Obviously, Obama understands that he has unlocked the greatest honey-pot in American political history. He can raise far more money than John McCain, and far more than the $85 million to which he would have been limited if he had accepted public money.

I don’t have any problem with this, in principle; if it were up to me, all public campaign financing would be repealed. What I find offensive is Obama’s dishonest rationalization of his broken pledge:

“It’s not an easy decision, and especially because I support a robust system of public financing of elections,” Obama told supporters in a video message Thursday. “But the public financing of presidential elections as it exists today is broken, and we face opponents who’ve become masters at gaming this broken system.”

Like so much that Obama says, this is absurd. Obama knows that he is raising far more money than the Republicans, so how are the Republicans “gaming the system”? Here, apparently, is the explanation:

Obama said McCain and the Republican National Committee are fueled by contributions from Washington lobbyists and political action committees.

“And we’ve already seen that he’s not going to stop the smears and attacks from his allies running so-called 527 groups, who will spend millions and millions of dollars in unlimited donations,” Obama said.

This was too much even for the Associated Press, which commented:

Despite that claim, few Republican-leaning groups have weighed into the presidential contest so far. In fact, Obama allies such as MoveOn.org are the ones that have been spending money on advertising against McCain.

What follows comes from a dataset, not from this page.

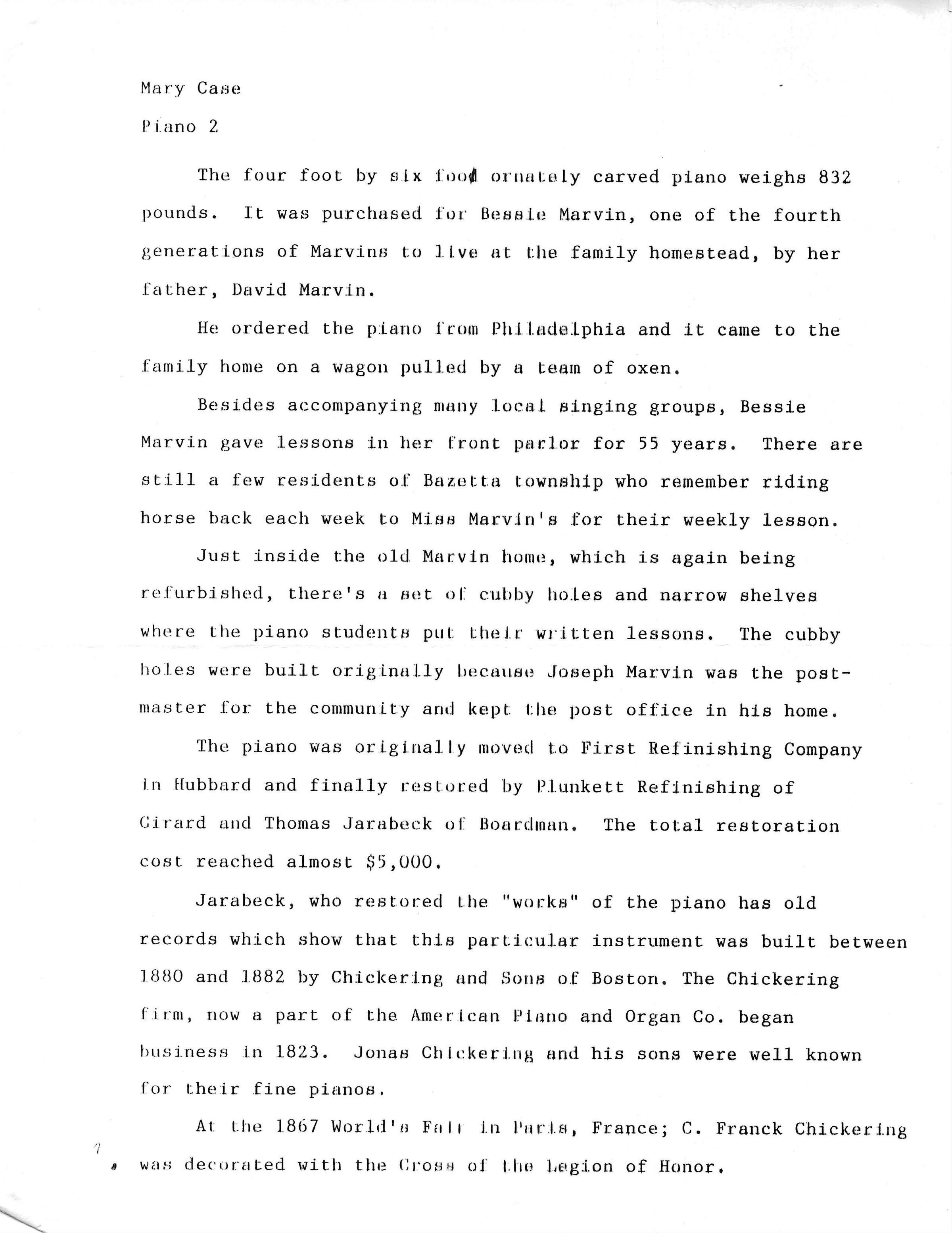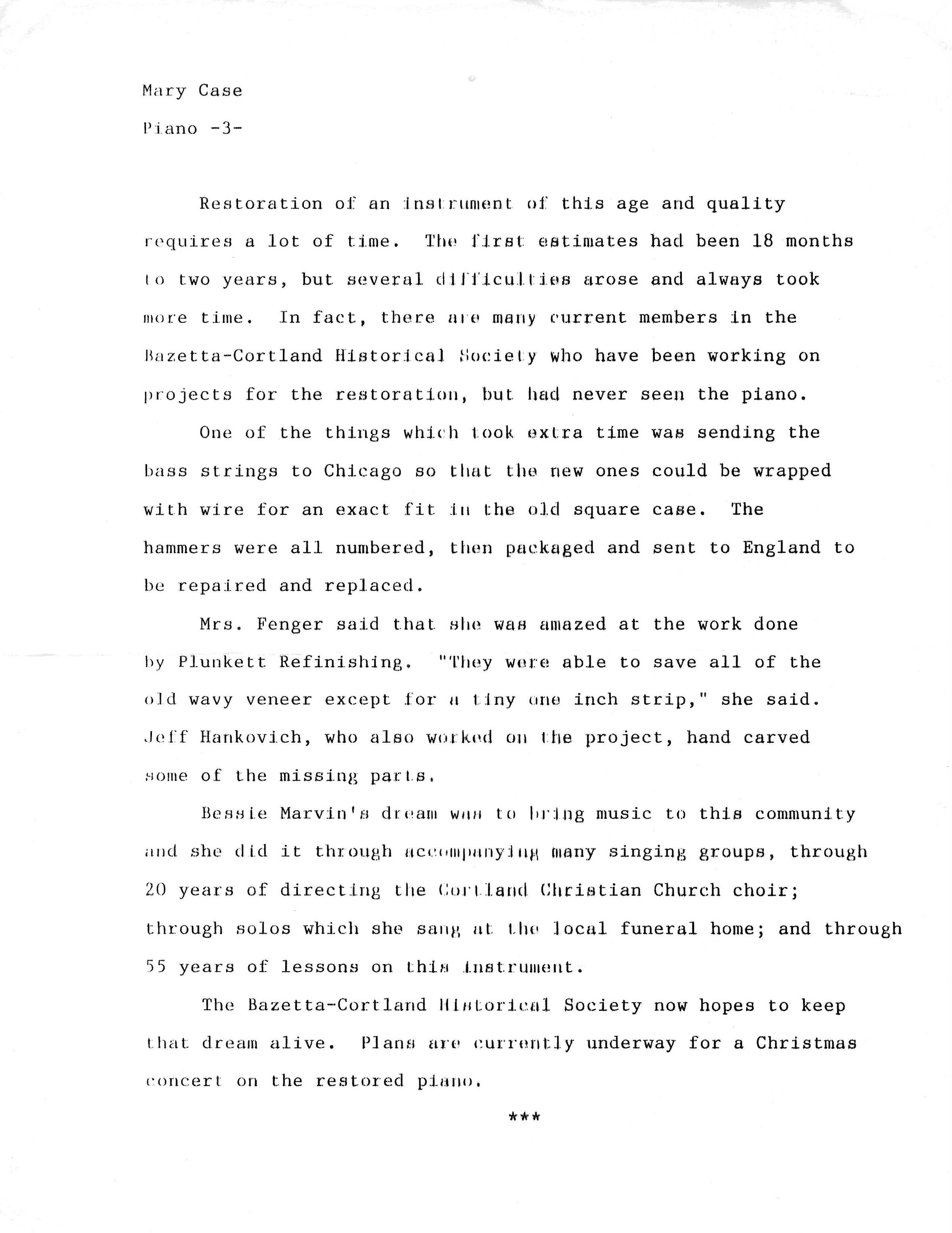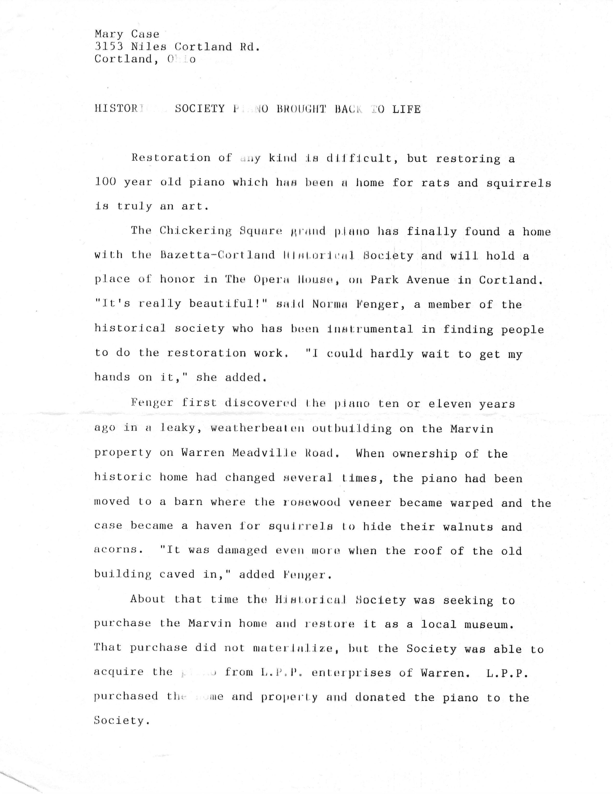 Marvin, Bessie, Marvin, Henry Lee, Cortland Bazetta Historical Society, Fenger, Norma, Marvin, Marvin, David D., Plunkett, Paul, Jarabeck, Thomas, Chickering, C. Frank, Cortland Christian Church, Bazetta Township, Case, Mary, Hankovich, Jeff

In past elections, spending by Democratic-allied 527s like MoveOn and ACT has dwarfed spending by Republican-allied groups. Thus, Obama is just making it up, trying to deceive his own followers, most of whom, as he knows, are not well-informed. So, while I have no problem with Obama spending all the money he can raise, if the question is whether Obama is a man of his word, the answer is No. And if the question is whether Obama is an honest politician, the answer is also No.